A third mechanism is standard-setting by industry and civil society. Even without a federal regulator, the US can develop norms through technical standards, auditing practices, and certification schemes. These can be influential, especially when they become embedded in procurement requirements or insurance underwriting. The downside is that standards can vary in quality and may be captured by industry interests unless there is meaningful participation from independent experts and affected communities.
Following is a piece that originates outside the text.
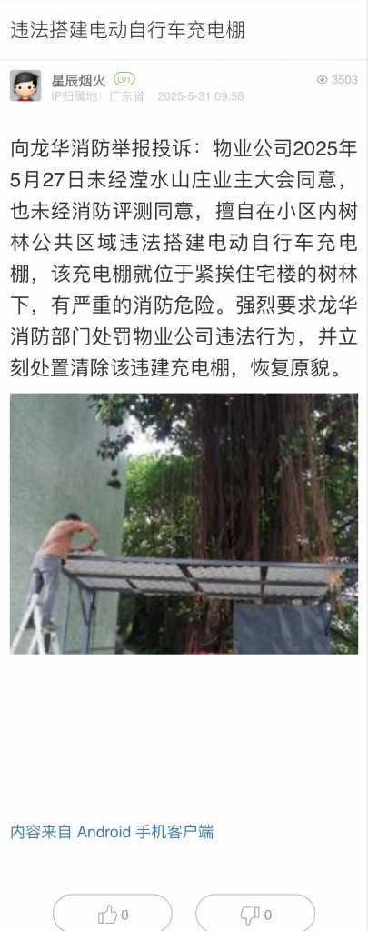 28. 帖文《松泉公寓15栋小区公共配电房系违建--请执法部门依法拆除》

Krishnan’s comments also raise a subtler question: what does “AI regulator” mean in the first place? In public discourse, it often refers to a single agency with broad authority. But there are intermediate models—such as a commission, a council with enforcement powers, or a regulator housed within an existing department. The political resistance might be directed not only at the concept of regulation but at the creation of a new institution. If so, the administration could still support some form of oversight structure that does not look like a traditional regulator.
However, Krishnan’s wording suggests a more categorical opposition. If the president “will never” back a regulator, then even intermediate models may face resistance. That would leave the US with a governance approach that is more incremental and less centralized.
For companies building AI systems, the practical impact is straightforward: planning for a future where a single federal regulator sets comprehensive rules may be less realistic. Instead, they may need to prepare for a patchwork of requirements—some coming from enforcement actions, some from sector regulators, some from state-level initiatives, and some from international compliance demands. That can increase compliance costs and uncertainty, but it also encourages companies to build robust internal governance systems that can adapt to different expectations.
For consumers and workers, the implications are more complex. Centralized regulation can provide clearer protections and more predictable enforcement. Without it, protections may depend on the ability of existing institutions to keep pace with AI-driven harms. That can be challenging when AI systems evolve quickly and when harms are difficult to attribute. For example, if an AI system produces biased outcomes, determining responsibility may require technical audits and data access that are not always available. If a generative model is used to create convincing scams, proving causation and identifying the responsible party can be difficult. In such cases, a regulator with specialized expertise could help. Without one, the burden may fall on litigation, complaints, and enforcement agencies that may not have the same technical capacity.